■ **WHAT YOU WILL DO**:
Nothing is needed except the lines below that run from the one with "天然大理石主要由方解石、蛇纹" through the one with "Enermax LIQFUSION 360.", repeated exactly.

■ **DATA EXTRACT**:
++++++++++++++++++++
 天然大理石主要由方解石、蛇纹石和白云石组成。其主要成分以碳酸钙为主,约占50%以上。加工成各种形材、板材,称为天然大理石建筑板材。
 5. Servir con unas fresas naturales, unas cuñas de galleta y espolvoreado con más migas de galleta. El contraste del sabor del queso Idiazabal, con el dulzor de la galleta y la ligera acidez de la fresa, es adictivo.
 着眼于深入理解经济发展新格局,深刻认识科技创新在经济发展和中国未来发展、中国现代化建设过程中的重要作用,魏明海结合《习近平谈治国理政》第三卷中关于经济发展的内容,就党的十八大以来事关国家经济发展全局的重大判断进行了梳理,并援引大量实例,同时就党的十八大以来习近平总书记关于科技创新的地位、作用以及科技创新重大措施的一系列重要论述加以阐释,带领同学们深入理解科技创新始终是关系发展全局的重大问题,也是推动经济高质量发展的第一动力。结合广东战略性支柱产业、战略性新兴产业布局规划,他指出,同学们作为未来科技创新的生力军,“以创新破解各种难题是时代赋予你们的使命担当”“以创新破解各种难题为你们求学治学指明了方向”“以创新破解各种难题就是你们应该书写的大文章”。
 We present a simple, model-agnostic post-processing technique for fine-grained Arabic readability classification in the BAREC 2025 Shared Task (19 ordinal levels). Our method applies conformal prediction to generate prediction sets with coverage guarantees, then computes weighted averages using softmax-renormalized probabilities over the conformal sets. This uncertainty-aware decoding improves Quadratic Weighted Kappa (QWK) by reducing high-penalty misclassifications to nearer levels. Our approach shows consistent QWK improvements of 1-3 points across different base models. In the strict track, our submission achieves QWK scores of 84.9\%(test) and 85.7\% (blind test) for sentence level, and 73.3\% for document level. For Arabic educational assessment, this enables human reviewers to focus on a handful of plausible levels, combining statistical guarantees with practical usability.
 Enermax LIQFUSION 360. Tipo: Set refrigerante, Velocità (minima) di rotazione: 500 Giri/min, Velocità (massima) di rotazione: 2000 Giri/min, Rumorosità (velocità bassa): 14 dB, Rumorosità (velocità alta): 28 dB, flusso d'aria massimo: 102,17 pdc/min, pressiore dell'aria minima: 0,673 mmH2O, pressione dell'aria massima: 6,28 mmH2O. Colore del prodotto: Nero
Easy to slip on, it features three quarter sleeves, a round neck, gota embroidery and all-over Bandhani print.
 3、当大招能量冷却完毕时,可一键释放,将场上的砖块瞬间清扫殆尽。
++++++++++++++++++++
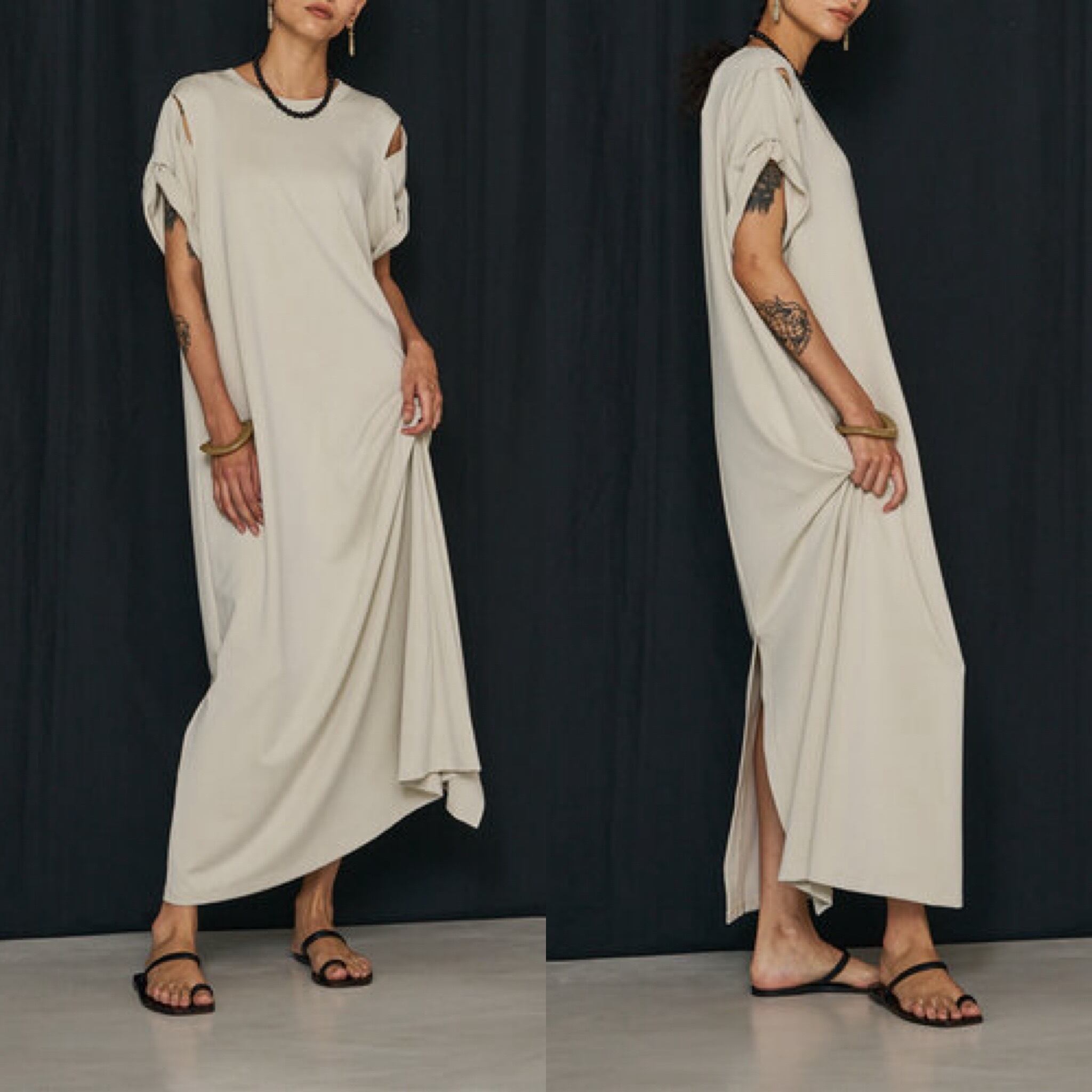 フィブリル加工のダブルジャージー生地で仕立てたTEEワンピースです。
++++++++++++++++++++
■ **EXERCISE RESPONSE**:
 天然大理石主要由方解石、蛇纹石和白云石组成。其主要成分以碳酸钙为主,约占50%以上。加工成各种形材、板材,称为天然大理石建筑板材。
 5. Servir con unas fresas naturales, unas cuñas de galleta y espolvoreado con más migas de galleta. El contraste del sabor del queso Idiazabal, con el dulzor de la galleta y la ligera acidez de la fresa, es adictivo.
 着眼于深入理解经济发展新格局,深刻认识科技创新在经济发展和中国未来发展、中国现代化建设过程中的重要作用,魏明海结合《习近平谈治国理政》第三卷中关于经济发展的内容,就党的十八大以来事关国家经济发展全局的重大判断进行了梳理,并援引大量实例,同时就党的十八大以来习近平总书记关于科技创新的地位、作用以及科技创新重大措施的一系列重要论述加以阐释,带领同学们深入理解科技创新始终是关系发展全局的重大问题,也是推动经济高质量发展的第一动力。结合广东战略性支柱产业、战略性新兴产业布局规划,他指出,同学们作为未来科技创新的生力军,“以创新破解各种难题是时代赋予你们的使命担当”“以创新破解各种难题为你们求学治学指明了方向”“以创新破解各种难题就是你们应该书写的大文章”。
 We present a simple, model-agnostic post-processing technique for fine-grained Arabic readability classification in the BAREC 2025 Shared Task (19 ordinal levels). Our method applies conformal prediction to generate prediction sets with coverage guarantees, then computes weighted averages using softmax-renormalized probabilities over the conformal sets. This uncertainty-aware decoding improves Quadratic Weighted Kappa (QWK) by reducing high-penalty misclassifications to nearer levels. Our approach shows consistent QWK improvements of 1-3 points across different base models. In the strict track, our submission achieves QWK scores of 84.9\%(test) and 85.7\% (blind test) for sentence level, and 73.3\% for document level. For Arabic educational assessment, this enables human reviewers to focus on a handful of plausible levels, combining statistical guarantees with practical usability.
 Enermax LIQFUSION 360. Tipo: Set refrigerante, Velocità (minima) di rotazione: 500 Giri/min, Velocità (massima) di rotazione: 2000 Giri/min, Rumorosità (velocità bassa): 14 dB, Rumorosità (velocità alta): 28 dB, flusso d'aria massimo: 102,17 pdc/min, pressiore dell'aria minima: 0,673 mmH2O, pressione dell'aria massima: 6,28 mmH2O. Colore del prodotto: Nero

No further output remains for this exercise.